EXERCISE INSTRUCTIONS
Take the lines below from the one with "Witte glitter vlaggenlijn" through the one with "- Locate conference" and retype them exactly. Include nothing else, and no pictures.

PROVIDED MATERIAL
+ + + + +

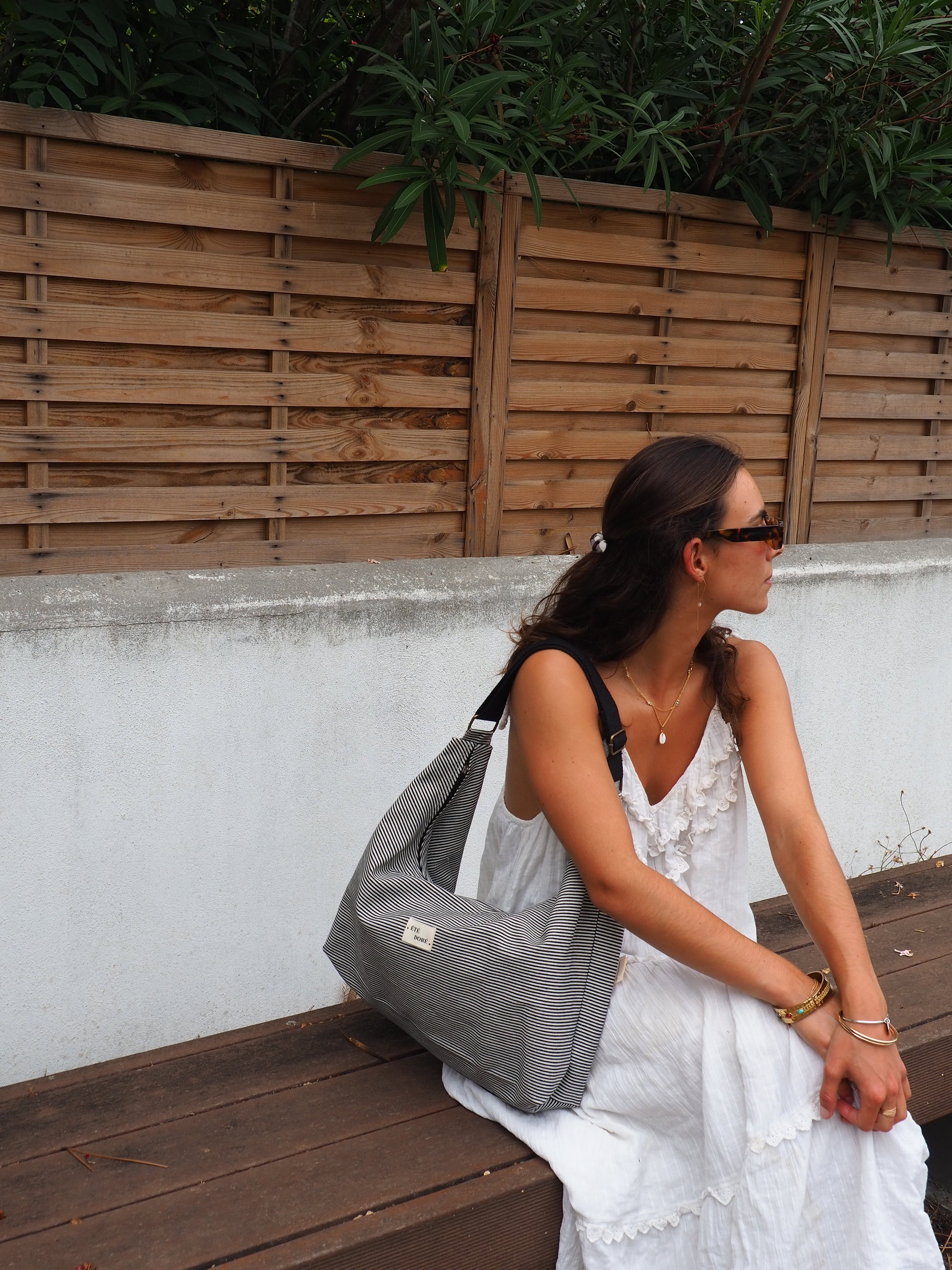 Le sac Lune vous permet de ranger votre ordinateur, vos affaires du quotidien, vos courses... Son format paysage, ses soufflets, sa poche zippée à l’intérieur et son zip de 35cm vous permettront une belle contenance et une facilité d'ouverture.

+ + + + +

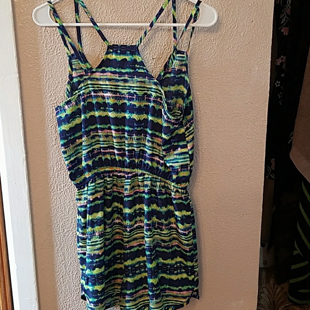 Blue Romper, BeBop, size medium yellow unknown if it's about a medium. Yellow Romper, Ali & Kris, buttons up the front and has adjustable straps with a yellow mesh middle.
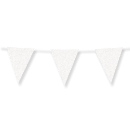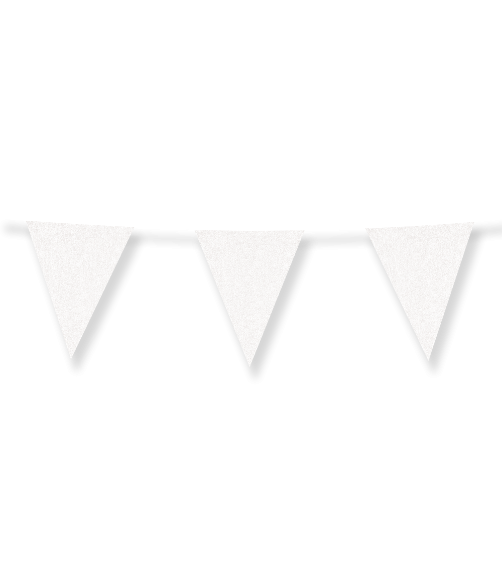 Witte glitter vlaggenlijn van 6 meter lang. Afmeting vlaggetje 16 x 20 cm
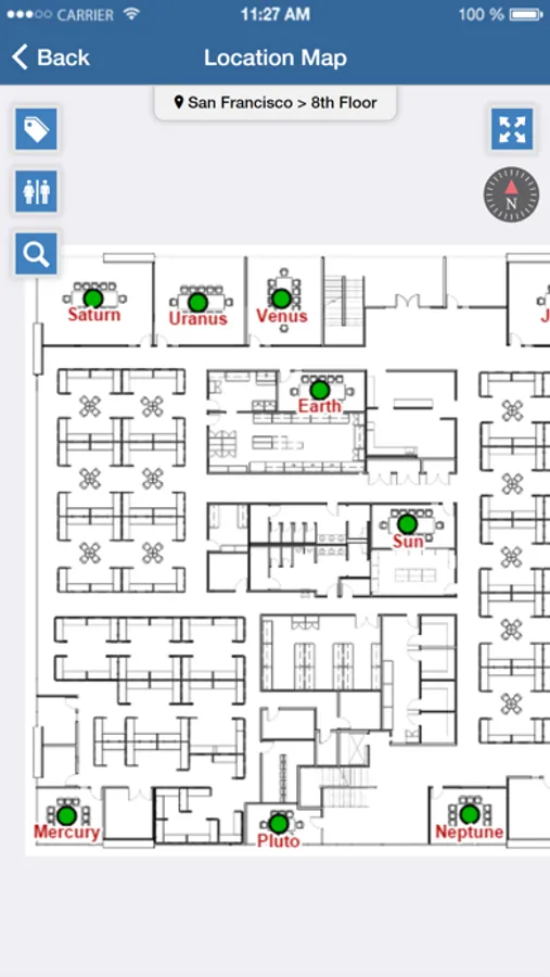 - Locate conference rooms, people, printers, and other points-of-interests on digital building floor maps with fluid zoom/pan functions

+ + + + +

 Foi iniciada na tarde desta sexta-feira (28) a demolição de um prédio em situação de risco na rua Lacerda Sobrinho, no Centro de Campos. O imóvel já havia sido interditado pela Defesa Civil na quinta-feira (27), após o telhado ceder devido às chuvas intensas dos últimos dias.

+ + + + +

RESULT FOR THIS EXERCISE
 Witte glitter vlaggenlijn van 6 meter lang. Afmeting vlaggetje 16 x 20 cm
 - Locate conference rooms, people, printers, and other points-of-interests on digital building floor maps with fluid zoom/pan functions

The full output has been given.